After three hours aboard, after they were served food never before eaten, such as an open-faced tuna melt, a Ben and Jerry’s Cherry Garcia ice cream cone, a Coke with ice cubes and a straw, the guests invited President Yardley to visit their lifestyle.
Descending with her physician, chief of staff, press secretary, reporters, plus a bevy of secret service agents, President Yardley trailed the honest to goodness founding fathers of our country to their living quarters in town. They were aghast at the primitive conditions; the odors of unwashed bodies, raw sewage in the streets, mice scurrying about in their rooms, and an-as-yet-to-be disposed chamber pot. It gave them pause as they all realized up close and personal how challenging were the everyday living conditions of those who put together that fragile document that would be known more than two hundred years into the future as the world’s longest living constitution a country ever produced.
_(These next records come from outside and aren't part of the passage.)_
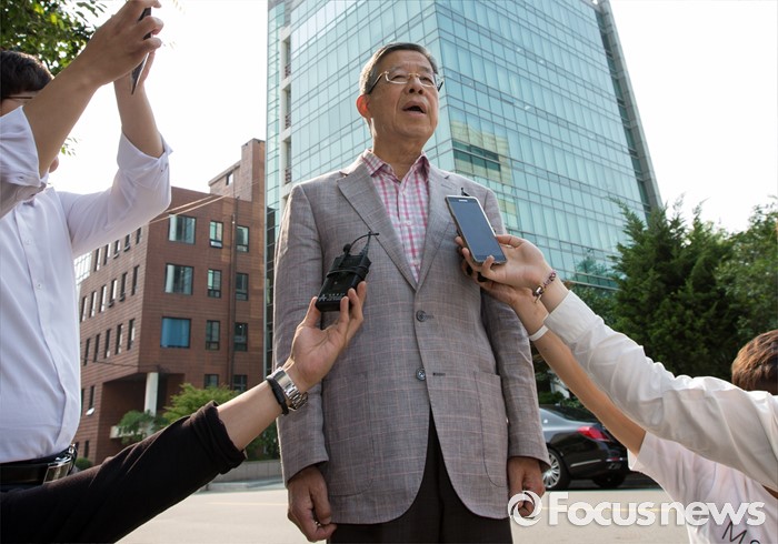 (서울=포커스뉴스) 칩거 중으로 알려진 김희옥 새누리당 혁신비상대책위원장이 17일 오후 서울 논현동의 자택으로 향하며 취재진의 질문에 답하고 있다.
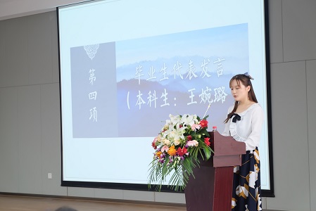 接下来是本科生代表王婉璐发言,她回首了四年的心路历程,感谢老师和同学一路的陪伴。“记得初夏在图书馆一角看书,岁月静好,日影深长;记得在教三走廊淡黄的灯光下念晚唐诗,廊外夜雨滂沱,廊上无风无雨;记得冬日暖阳中在桂操绕圈儿行,耳听松声,目送飞鸟。这些,只有在武大才能做到。”研究生代表丁旺说:“过去,我们训练的是系统完整的科研素养,培养起来的是文学情怀、武大情怀、人文情怀,坚守的是人性深处对真善美的追求,收获的是青春激荡的美好时光;如今,我们将带着这些宝贵财富起航,未来之路在我们脚下,无论走向何方、身处何方,都要成为合格的武大文院人。”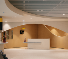 Roelandt Interieurbouw realiseerde het maatmeubilair en wandbekleding van het restaurant en het businesscentrum (+- 5000 m²) van het EY-hoofdkantoor te Diegem - The Wings.

Reporters in the entourage whispered among themselves whether it would be in our national interests to alert these early Americans to dangers that lie ahead, in the hopes of avoiding unnecessary wars. The chief of staff overheard them and frantically explained that NOTHING could be shared that would change one iota of history. "You make one change and no one can predict the domino effect of that action. We simply cannot take a chance because our best intentions can easily have disastrous consequences."
He rushed over to the president’s side to whisper this same admonition to her. Although disappointed, she quickly understood, realizing she could say nothing about the renewed warring that our fledgling country would engage in again with the British in less than two decades hence. The war of 1812 would destroy the President’s House that was not yet even built. But today, that was destiny - not history.
As they were leaving, they all practically had to step over a mother and small child lying in the doorway. The child, a three year old girl, was delirious with fever - probably the yellow fever still gripping the area. As the physician walked by, he knelt down to look at her, and simply reacted as his profession trained him to do. He reached into his medical bag, pulled out a syringe, and gave the child an injection that would ease her fever, attack any bacteria and allow her to regain enough strength to sip some fluids. He left the speechless and terrified mother with a bottle of pills with directions on administering them, and then quickly departed. The mother did not know whether he was a devil or angel in disguise, so consumed by shock, fear, hope and desperation was she at that moment.